Figure 1.
Biomechanical stress induces MEC proliferation.
Proliferation of Ben-Men-I cells (A) and primary porcine MECs (B) exposed to elevated and ambient pressure for 2 days. Proliferation of Ben-Men-I cells and PMECs increased in all cell concentration groups that were exposed to elevated pressure compared to control cells cultivated under ambient pressure conditions (shown is a representative result of three independent experiments; error bars represent SD; Student's t-test: p<0.01, marked with ** for highly significant).
Figure 2.
Endocytotic function of MECs is impacted by elevated pressure.

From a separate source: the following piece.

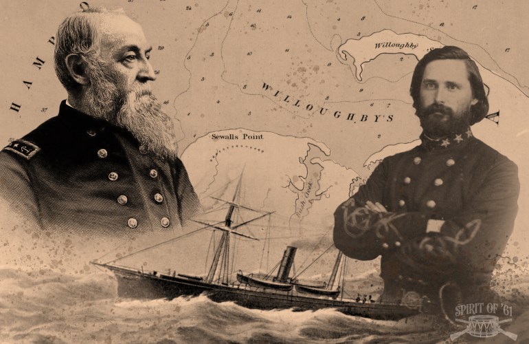 Meanwhile, Governor John Letcher placed 65-year-old Flag-Officer French Forrest in charge of the Gosport Navy Yard. A lifelong sailor, Forrest had fought in both the War of 1812 and the Mexican-American War, and was to cooperate with Virginia Brig. Gen. Walter Gwynn, a former railroad engineer commanding the land forces. To prevent Union ships and troops at Fort Monroe from retaking the yard, Gwynn began constructing an artillery battery at Sewell’s Point, directly facing the fort.

Ben-Men-I cells (A) or PMECs (B) were treated with elevated pressure for two days and fluorescent latex beads were added to assess endocytotic activity by fluorescence microscopy (>100 cells scored/condition). Ben-Men-I cells (Student's t-test: p<0.01, marked with ** for highly significant) as well as PMECs (Student's t-test: p<0.05, marked with * for significant) showed a significant decrease in endocytotic activity after pressure treatment compared to control treated cells (shown is a representative result of three independent experiments; error bars represent SD).
Figure 3.
Hypoxia does not impact MEC function.
Ben-Men-I cells and PMECs were incubated under limited oxygen conditions (1% O2) and compared to cells cultivated under normoxia. Cellular viability was only slightly impacted by this treatment in Ben-Men-I (A – representative result shown of three independent experiments; error bars represent SD; Student's t-test: p<0.05, marked with *) but not significantly in PMECs (C, marked with n.s. for not significant). Evaluation of endocytotic activity by scoring fluorescent latex bead uptake did not reveal a significant difference after hypoxia in Ben-Men-I cells (B, marked with n.s. for not significant) or PMECs (D, marked with n.s. for not significant).
Figure 4.
Oxidative stress impairs MEC function.
Ben-Men-I cells (A; error bars represent +SEM; ANOVA p<0.01, Tukey's HSD post-hoc test see Figure S1A) (5×104 cells/ml) or PMECs (C; error bars represent +SEM; ANOVA p<0.01, Tukey's HSD post-hoc test see Figure S1B) were treated with varying concentrations of the complex I inhibitor rotenone (0–20 µM) for 24 hours to induce oxidative stress. Oxidative damage resulting in decreased viability was measured using MTS. The impact of oxidative stress on MEC function in terms of endocytosis was analyzed by scoring fluorescent latex bead uptake following treatment with different concentrations (0, 0.05 and 0.75 µM) of rotenone. Intensity of latex beads engulfed by Ben-Men-I cells (B; >100 cells/condition; error bars represent SD of three independent counts; Student's t-test: p<0.05; marked with * for significant) or PMECs (D; >100 cells/condition; error bars represent SD of three independent counts; Student's t-test: p>0.05; marked with n.s. for not significant) decreases with increasing of rotenone concentration where Ben-Men-I cells display a high sensitivity towards rotenone with a reduction in endocytosis at low, non toxic rotenone concentrations while PMECs are more resistant to oxidative stress and maintain their rate of endocytosis.